'''

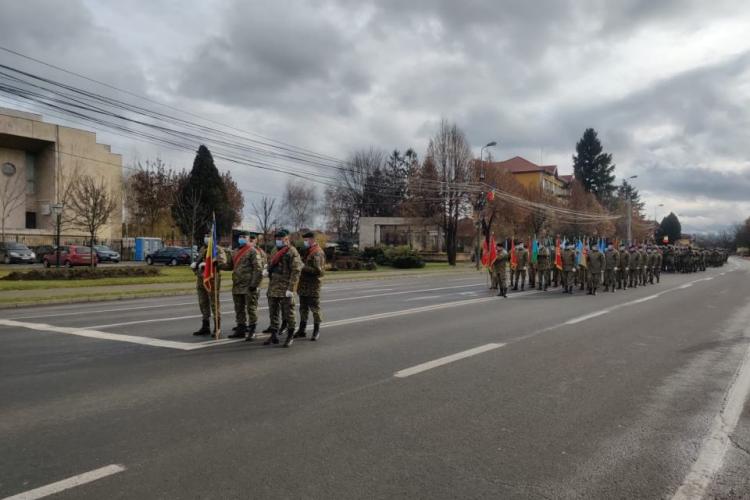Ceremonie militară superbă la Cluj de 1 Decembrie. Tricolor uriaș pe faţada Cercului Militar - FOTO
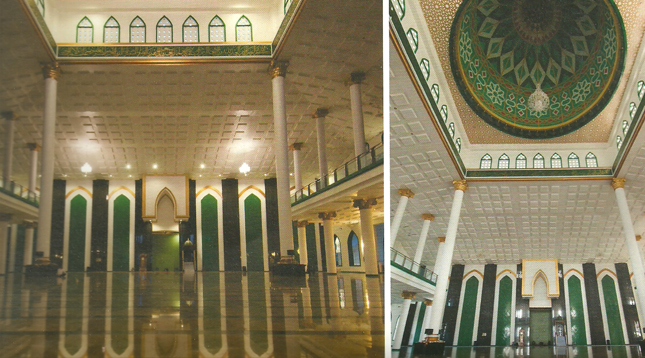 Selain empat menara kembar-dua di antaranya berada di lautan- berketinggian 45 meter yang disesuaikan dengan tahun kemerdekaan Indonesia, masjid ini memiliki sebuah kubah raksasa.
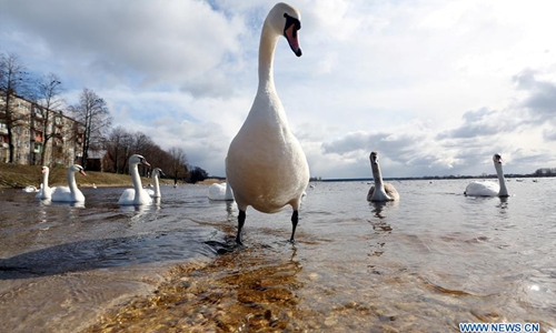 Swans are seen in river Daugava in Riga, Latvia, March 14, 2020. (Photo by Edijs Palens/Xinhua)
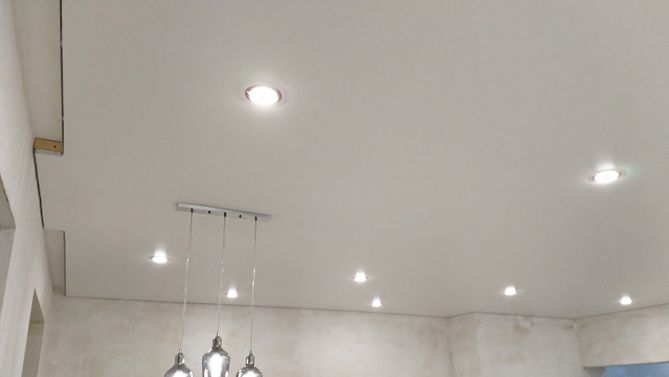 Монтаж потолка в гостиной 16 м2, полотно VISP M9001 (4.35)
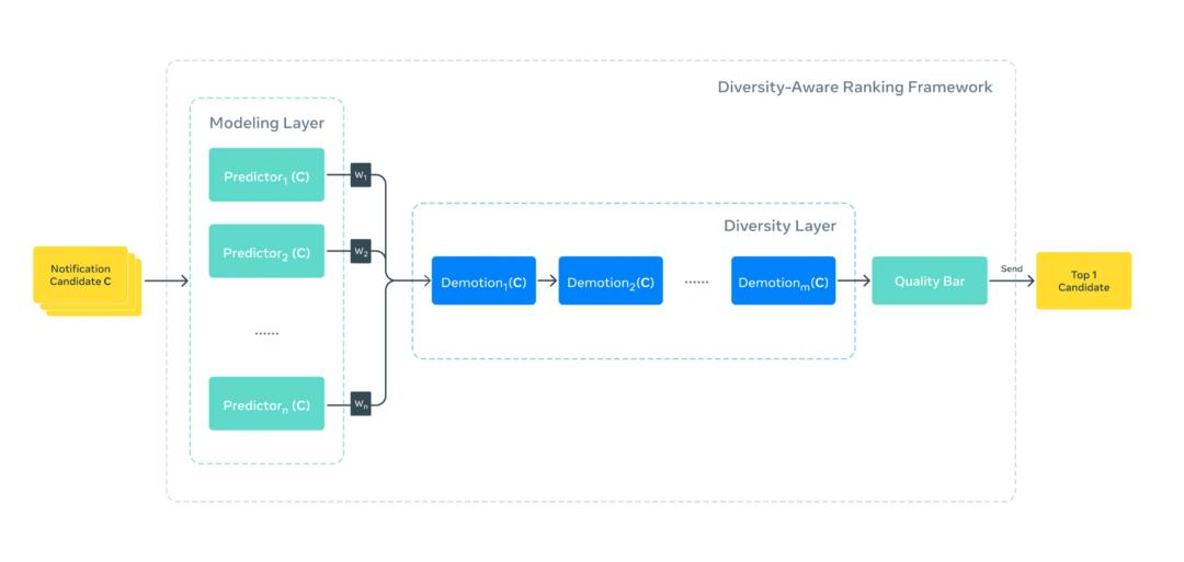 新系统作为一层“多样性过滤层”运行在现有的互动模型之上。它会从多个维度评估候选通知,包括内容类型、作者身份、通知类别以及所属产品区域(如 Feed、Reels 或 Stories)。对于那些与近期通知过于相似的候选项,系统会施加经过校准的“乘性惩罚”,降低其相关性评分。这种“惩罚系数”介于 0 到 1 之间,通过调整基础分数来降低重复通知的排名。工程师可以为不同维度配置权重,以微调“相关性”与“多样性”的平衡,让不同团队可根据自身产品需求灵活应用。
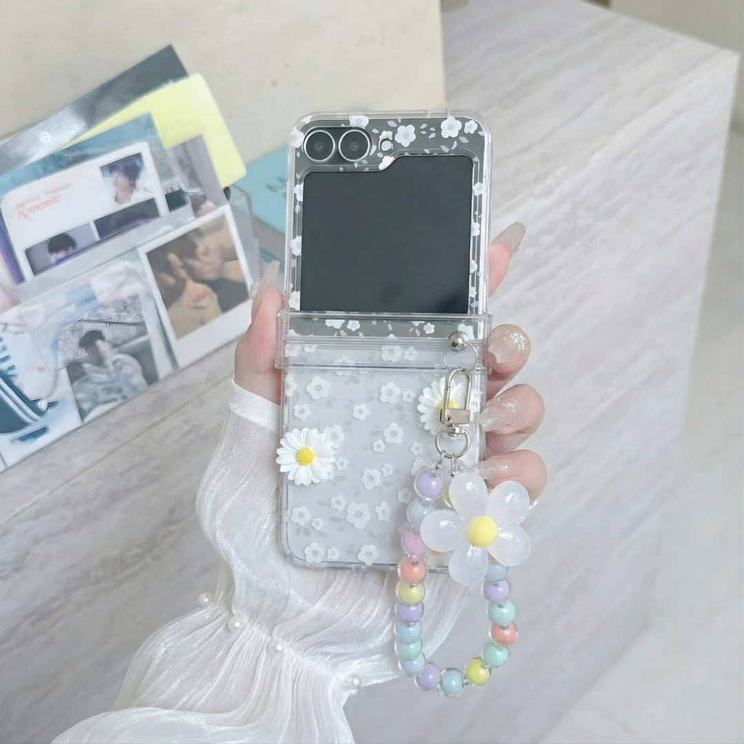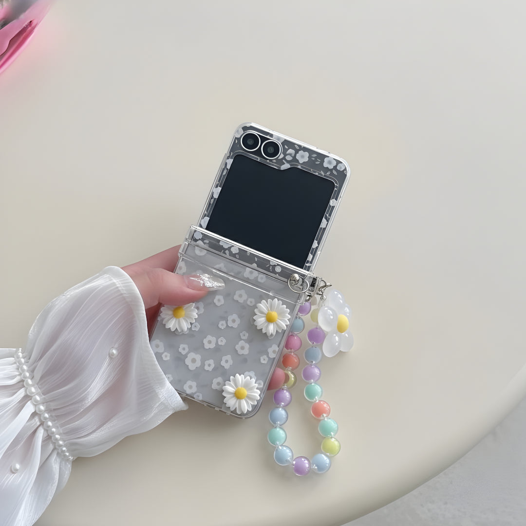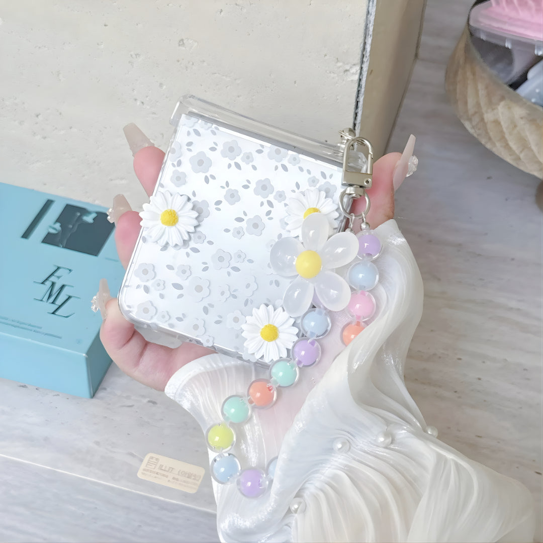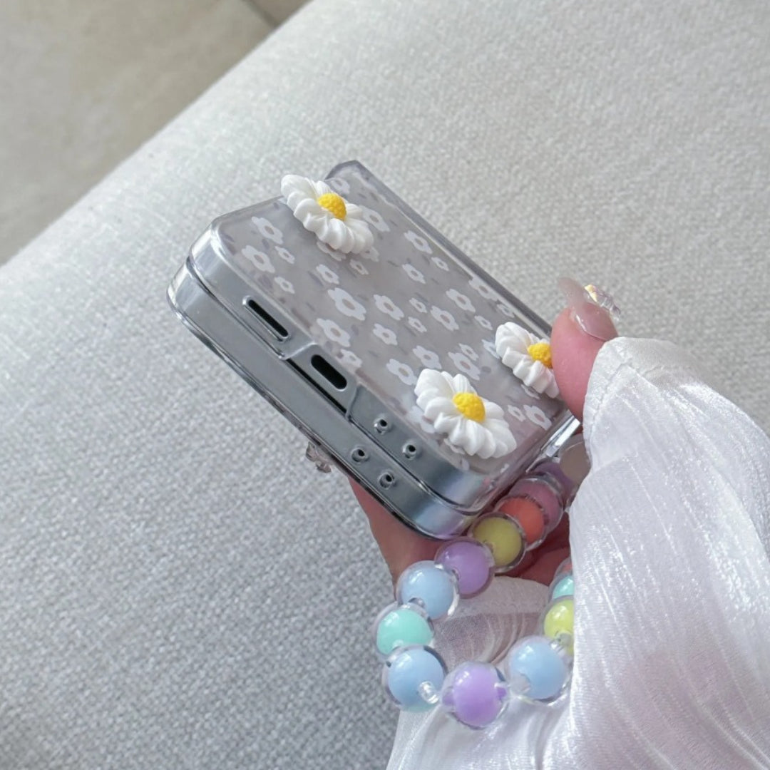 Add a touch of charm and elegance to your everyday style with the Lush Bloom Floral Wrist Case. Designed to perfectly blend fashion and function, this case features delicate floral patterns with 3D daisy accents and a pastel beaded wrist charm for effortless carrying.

'''

From the first line to the last, set down the records exactly, leaving out images.

▶ Written solution:
Ceremonie militară superbă la Cluj de 1 Decembrie. Tricolor uriaș pe faţada Cercului Militar - FOTO
 Selain empat menara kembar-dua di antaranya berada di lautan- berketinggian 45 meter yang disesuaikan dengan tahun kemerdekaan Indonesia, masjid ini memiliki sebuah kubah raksasa.
 Swans are seen in river Daugava in Riga, Latvia, March 14, 2020. (Photo by Edijs Palens/Xinhua)
 Монтаж потолка в гостиной 16 м2, полотно VISP M9001 (4.35)
 新系统作为一层“多样性过滤层”运行在现有的互动模型之上。它会从多个维度评估候选通知,包括内容类型、作者身份、通知类别以及所属产品区域(如 Feed、Reels 或 Stories)。对于那些与近期通知过于相似的候选项,系统会施加经过校准的“乘性惩罚”,降低其相关性评分。这种“惩罚系数”介于 0 到 1 之间,通过调整基础分数来降低重复通知的排名。工程师可以为不同维度配置权重,以微调“相关性”与“多样性”的平衡,让不同团队可根据自身产品需求灵活应用。
 Add a touch of charm and elegance to your everyday style with the Lush Bloom Floral Wrist Case. Designed to perfectly blend fashion and function, this case features delicate floral patterns with 3D daisy accents and a pastel beaded wrist charm for effortless carrying.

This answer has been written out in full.